DATA SHOWN ::
--- START ---

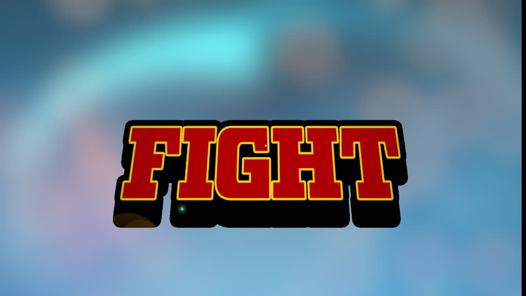 This graphic displays bold, retro-style 'Fight' text set against a blurred sky background, reminiscent of classic video game graphics. Ideal for use in video game promotions, digital marketing, and branding materials related to gaming culture and entertainment. Suitable for creating a vintage gaming atmosphere in design projects or multimedia campaigns.
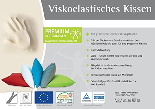 Cuscino da viaggio Wiebke 30 x 50 cm - viscoelastico, con custodia, Colori assortiti, Microfibra, turchese, 30 x 50 cm
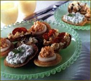 Prajiti 12 felii de paine neagra si ungeti-le cu un strat de smantana groasa. Asezati pe fiecare cate o felie subtire de ridiche neagra, iar peste ridiche cate o transa de somon afumat, 2 sardele in ulei sau 1/2 lingurita de icre rosii. Garnisiti-le cu sferturi de felii de lamaie taiate in doua sau in patru.

--- END ---

EXERCISE REQUIREMENTS ::
Every line of the material is to be quoted exactly, with no pictures carried over.

RESULT OF THIS EXERCISE ::
 This graphic displays bold, retro-style 'Fight' text set against a blurred sky background, reminiscent of classic video game graphics. Ideal for use in video game promotions, digital marketing, and branding materials related to gaming culture and entertainment. Suitable for creating a vintage gaming atmosphere in design projects or multimedia campaigns.
 Cuscino da viaggio Wiebke 30 x 50 cm - viscoelastico, con custodia, Colori assortiti, Microfibra, turchese, 30 x 50 cm
 Prajiti 12 felii de paine neagra si ungeti-le cu un strat de smantana groasa. Asezati pe fiecare cate o felie subtire de ridiche neagra, iar peste ridiche cate o transa de somon afumat, 2 sardele in ulei sau 1/2 lingurita de icre rosii. Garnisiti-le cu sferturi de felii de lamaie taiate in doua sau in patru.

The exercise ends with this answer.